* **MATERIAL SHOWN**

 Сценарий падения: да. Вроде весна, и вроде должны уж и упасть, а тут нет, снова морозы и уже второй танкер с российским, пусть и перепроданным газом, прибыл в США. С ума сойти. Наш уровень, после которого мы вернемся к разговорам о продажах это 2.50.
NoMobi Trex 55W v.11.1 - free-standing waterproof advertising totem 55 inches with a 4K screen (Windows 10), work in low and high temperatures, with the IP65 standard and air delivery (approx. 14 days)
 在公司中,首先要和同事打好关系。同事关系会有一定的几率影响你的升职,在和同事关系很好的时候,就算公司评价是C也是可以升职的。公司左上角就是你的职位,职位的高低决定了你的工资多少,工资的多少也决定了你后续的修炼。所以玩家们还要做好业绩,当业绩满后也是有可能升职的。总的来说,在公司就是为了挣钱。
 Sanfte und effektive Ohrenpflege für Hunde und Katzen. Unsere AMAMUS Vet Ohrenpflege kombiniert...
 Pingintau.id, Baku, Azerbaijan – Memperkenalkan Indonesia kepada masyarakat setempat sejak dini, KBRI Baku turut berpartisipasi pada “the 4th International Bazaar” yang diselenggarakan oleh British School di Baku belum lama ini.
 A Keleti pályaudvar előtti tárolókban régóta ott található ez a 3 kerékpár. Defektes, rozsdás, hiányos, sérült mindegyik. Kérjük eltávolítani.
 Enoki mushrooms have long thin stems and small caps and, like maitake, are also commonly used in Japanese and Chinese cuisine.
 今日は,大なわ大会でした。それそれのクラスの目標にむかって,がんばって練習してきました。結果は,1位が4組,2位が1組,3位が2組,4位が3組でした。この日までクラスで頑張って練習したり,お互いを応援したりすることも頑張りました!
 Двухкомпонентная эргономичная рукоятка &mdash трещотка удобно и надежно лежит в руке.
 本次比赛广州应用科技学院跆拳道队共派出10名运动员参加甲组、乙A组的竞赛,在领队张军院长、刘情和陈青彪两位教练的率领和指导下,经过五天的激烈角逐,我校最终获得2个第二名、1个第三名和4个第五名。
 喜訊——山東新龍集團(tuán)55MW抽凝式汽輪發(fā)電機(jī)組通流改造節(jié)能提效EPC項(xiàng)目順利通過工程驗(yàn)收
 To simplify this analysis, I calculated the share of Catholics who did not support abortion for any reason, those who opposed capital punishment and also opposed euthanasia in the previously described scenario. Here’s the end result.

* **TASK TO CARRY OUT**
Starting with the line that contains "喜訊——山東新龍集團(tuá", restate every line through the end of the records above, exactly and with no other lines.

* **RESULT OF THIS TASK**
 喜訊——山東新龍集團(tuán)55MW抽凝式汽輪發(fā)電機(jī)組通流改造節(jié)能提效EPC項(xiàng)目順利通過工程驗(yàn)收
 To simplify this analysis, I calculated the share of Catholics who did not support abortion for any reason, those who opposed capital punishment and also opposed euthanasia in the previously described scenario. Here’s the end result.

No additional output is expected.